I don't see any problems sharing the code/data segments, but sharing the same TSS can lead to problems, right? How would we avoid that? Add multiple TSS entries to the same TSS?

Freax13 commented 2 years ago

Also, using an atomic, shared, static type better reflects how the processor uses the GDT. It's almost always read-only, can be shared between cores

I don't see any problems sharing the code/data segments, but sharing the same TSS can lead to problems, right? How would we avoid that? Add multiple TSS entries to the same TSS?

Sharing a TSS is still not possible because the CPU marks the TSS descriptor as busy. Attempting to load a busy TSS descriptor will cause a general protection fault. If we really wanted to share a GDT between cores, we'd have to use multiple TSS descriptors.

josephlr commented 2 years ago

The code changes look good to me, I just think that we need some additional docs about sharing a GDT between cores (i.e. what is allowed and what not).

So this roughly what I added in #366. Those additional docs make it clear that load_tss can only be called exactly once for each SegmentSelector. It also documents that users shouldn't use tss_segment to create multiple descriptors pointing to the same TSS.

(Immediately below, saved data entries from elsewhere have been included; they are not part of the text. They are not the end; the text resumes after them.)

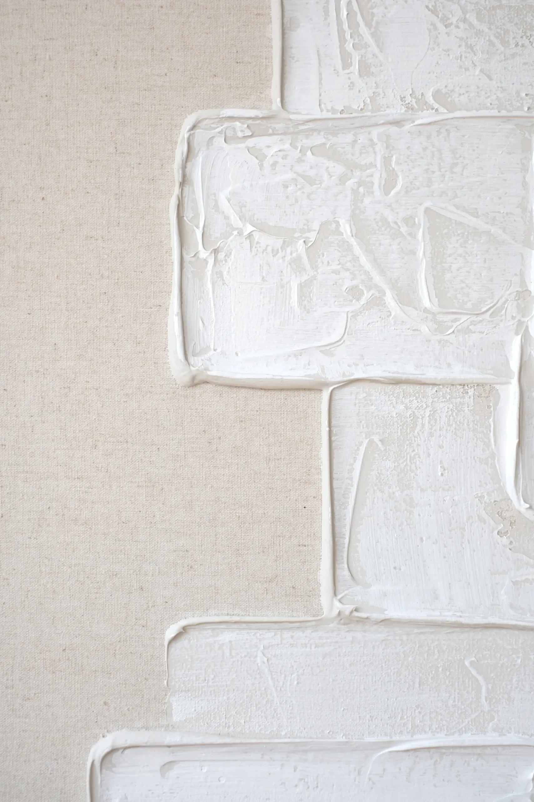 Le tableau décoratif mural Vicenza est une pièce au style épuré et texturé, idéale pour sublimer un mur sans alourdir l’atmosphère. Peinte à la main sur une base en lin naturel, elle présente des motifs en blanc cassé en léger relief. Le travail de matière donne de la profondeur à la composition tout en conservant une grande douceur visuelle.
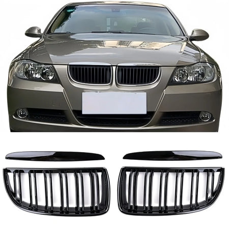 - Osvieženie prednej časti vozidla: leskle čierna dvojlamelová mriežka obličiek okamžite modernizuje vzhľad vášho BMW E90/E91 a dobre ladí s tmavými akcentmi a čiernymi detailmi.
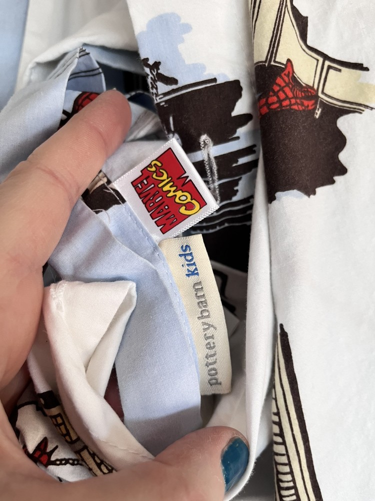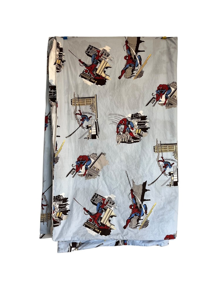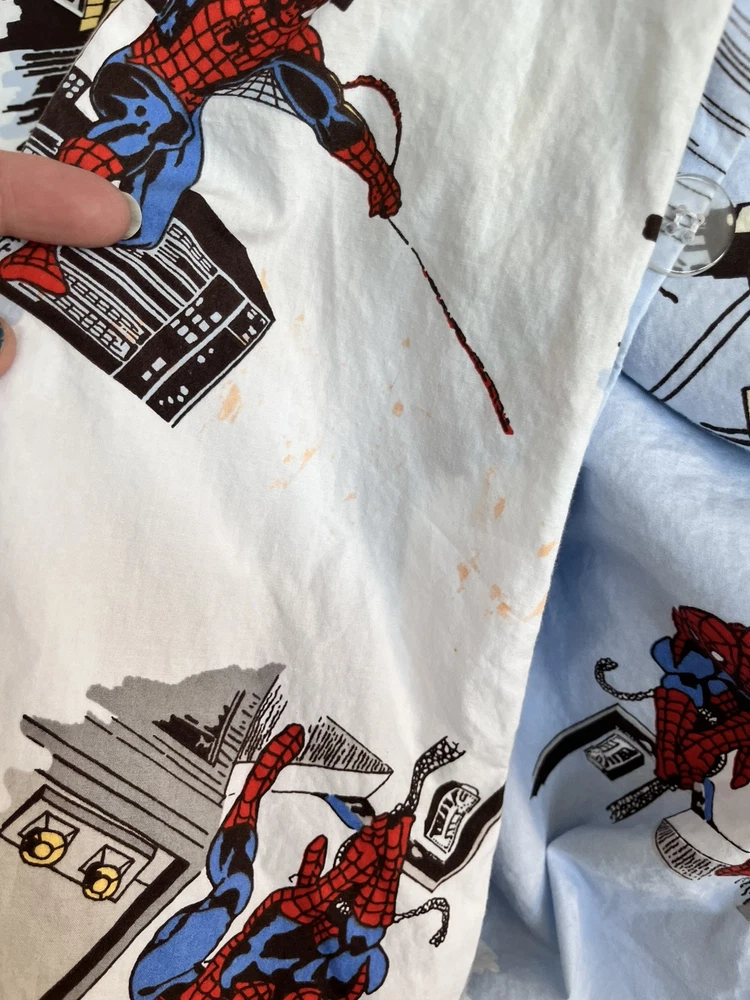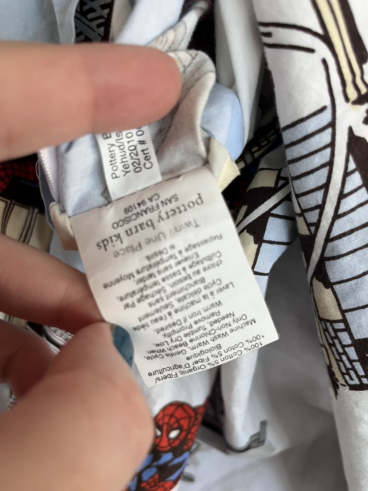 Hello! Featured item: A Pottery Barn Kids X Marvel Spider-Man TWIN Duvet Cover - 100% Cotton - Reversible Blue to White. Button closure. Good shape and clean, but there are some orange colored spots near the buttons on one end. See images for details.
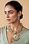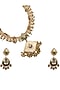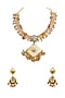 Featuring a gold finish necklace studded with multi-colored imitation kundan polki and semi-precious stones, set in brass. It is paired with a matching pair of earrings. Perfect choice for weddings or other Indian festivities.

I think @Freax13's answer mostly explains why it wouldn't be possible (without nasty unsafe code) for users to share TSS Descriptors between cores. Of course there's nothing stopping them from sharing the same TSS (though multiple descriptors) between cores. While this is silly, as the TSS usually contains stack pointers which "should" be per-core. The processor lets you do it and it's not inherently unsound. So I think our documentation is enough there.

phil-opp commented 2 years ago

Thanks a lot for clarifying! I missed #366, looks very good!